AVAILABLE DATA section start

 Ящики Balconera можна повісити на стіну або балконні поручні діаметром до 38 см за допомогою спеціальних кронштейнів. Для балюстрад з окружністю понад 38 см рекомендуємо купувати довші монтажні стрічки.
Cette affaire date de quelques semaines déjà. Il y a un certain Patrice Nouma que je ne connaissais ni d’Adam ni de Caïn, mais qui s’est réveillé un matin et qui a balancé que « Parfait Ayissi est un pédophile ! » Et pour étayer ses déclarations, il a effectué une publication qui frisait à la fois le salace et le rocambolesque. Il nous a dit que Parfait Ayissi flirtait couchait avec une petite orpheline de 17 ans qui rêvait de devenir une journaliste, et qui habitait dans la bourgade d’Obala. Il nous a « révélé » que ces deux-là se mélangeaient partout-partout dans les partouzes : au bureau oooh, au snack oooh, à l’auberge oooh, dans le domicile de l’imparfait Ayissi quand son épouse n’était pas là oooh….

AVAILABLE DATA section end
AVAILABLE DATA section start

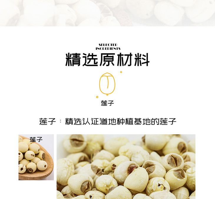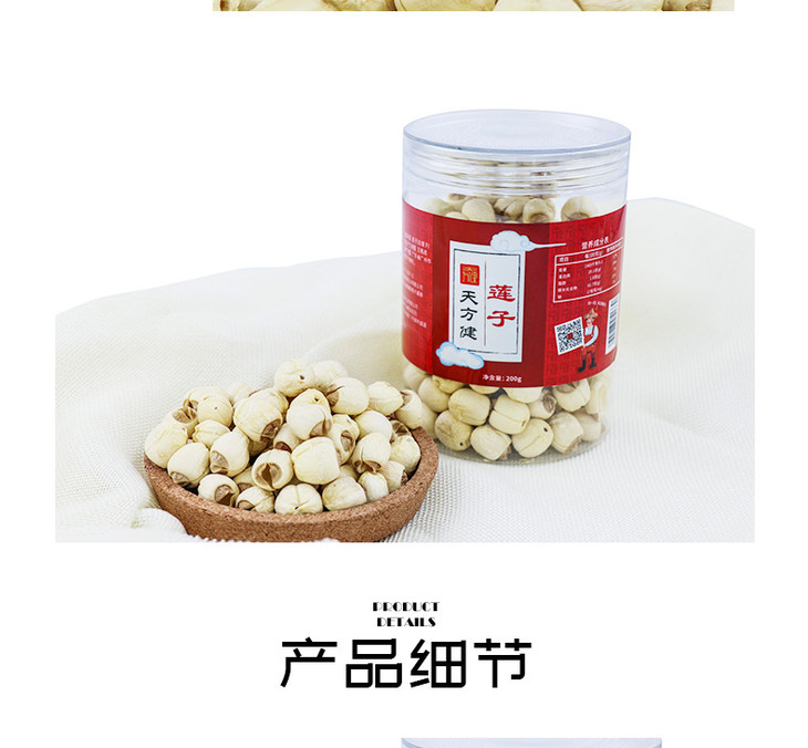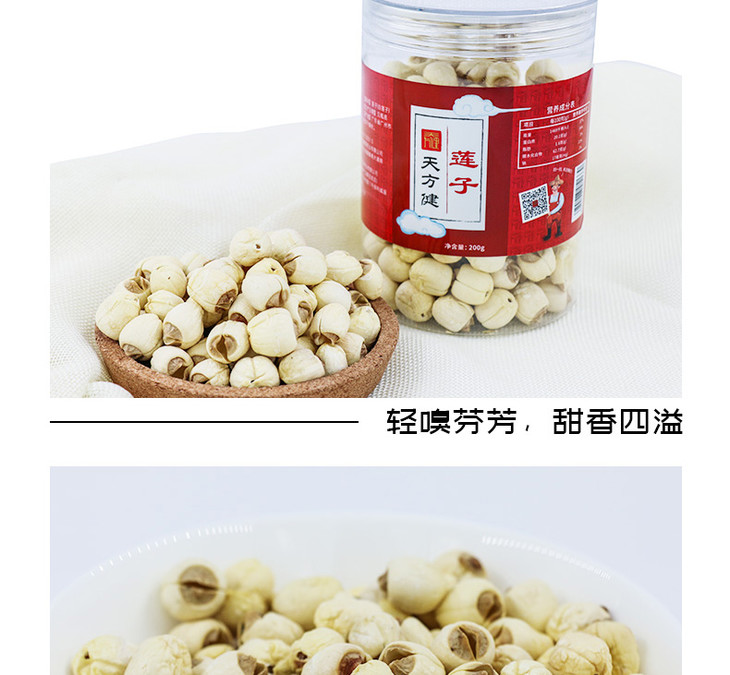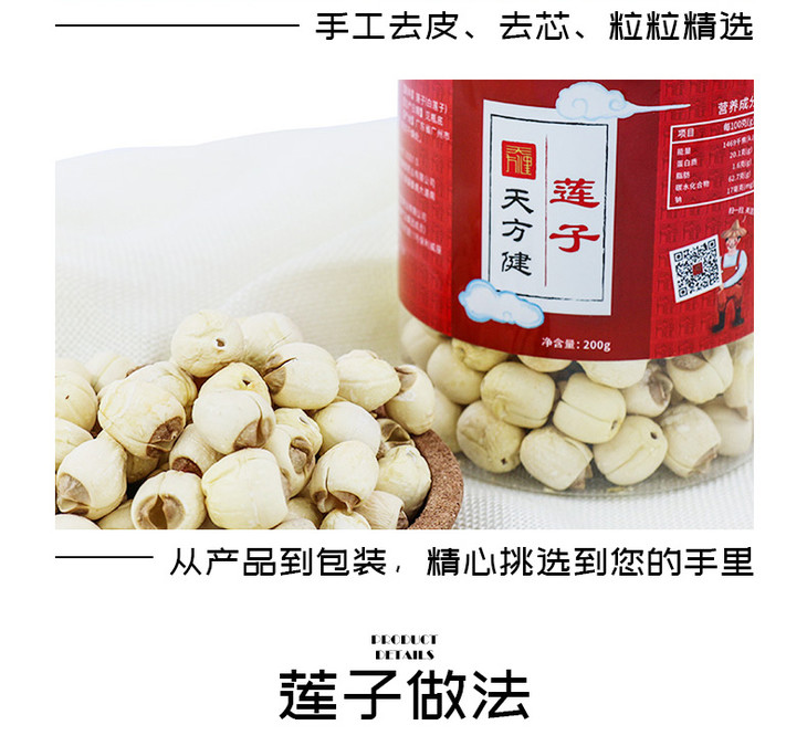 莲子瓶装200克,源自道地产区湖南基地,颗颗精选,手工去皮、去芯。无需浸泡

AVAILABLE DATA section end

**TASK**
Copy only this part of the entries above: the line with "Ящики Balconera можна", the line with "Cette affaire date", and the lines between, all exactly as written.

**SOLUTION TO THIS PROBLEM**
 Ящики Balconera можна повісити на стіну або балконні поручні діаметром до 38 см за допомогою спеціальних кронштейнів. Для балюстрад з окружністю понад 38 см рекомендуємо купувати довші монтажні стрічки.
Cette affaire date de quelques semaines déjà. Il y a un certain Patrice Nouma que je ne connaissais ni d’Adam ni de Caïn, mais qui s’est réveillé un matin et qui a balancé que « Parfait Ayissi est un pédophile ! » Et pour étayer ses déclarations, il a effectué une publication qui frisait à la fois le salace et le rocambolesque. Il nous a dit que Parfait Ayissi flirtait couchait avec une petite orpheline de 17 ans qui rêvait de devenir une journaliste, et qui habitait dans la bourgade d’Obala. Il nous a « révélé » que ces deux-là se mélangeaient partout-partout dans les partouzes : au bureau oooh, au snack oooh, à l’auberge oooh, dans le domicile de l’imparfait Ayissi quand son épouse n’était pas là oooh….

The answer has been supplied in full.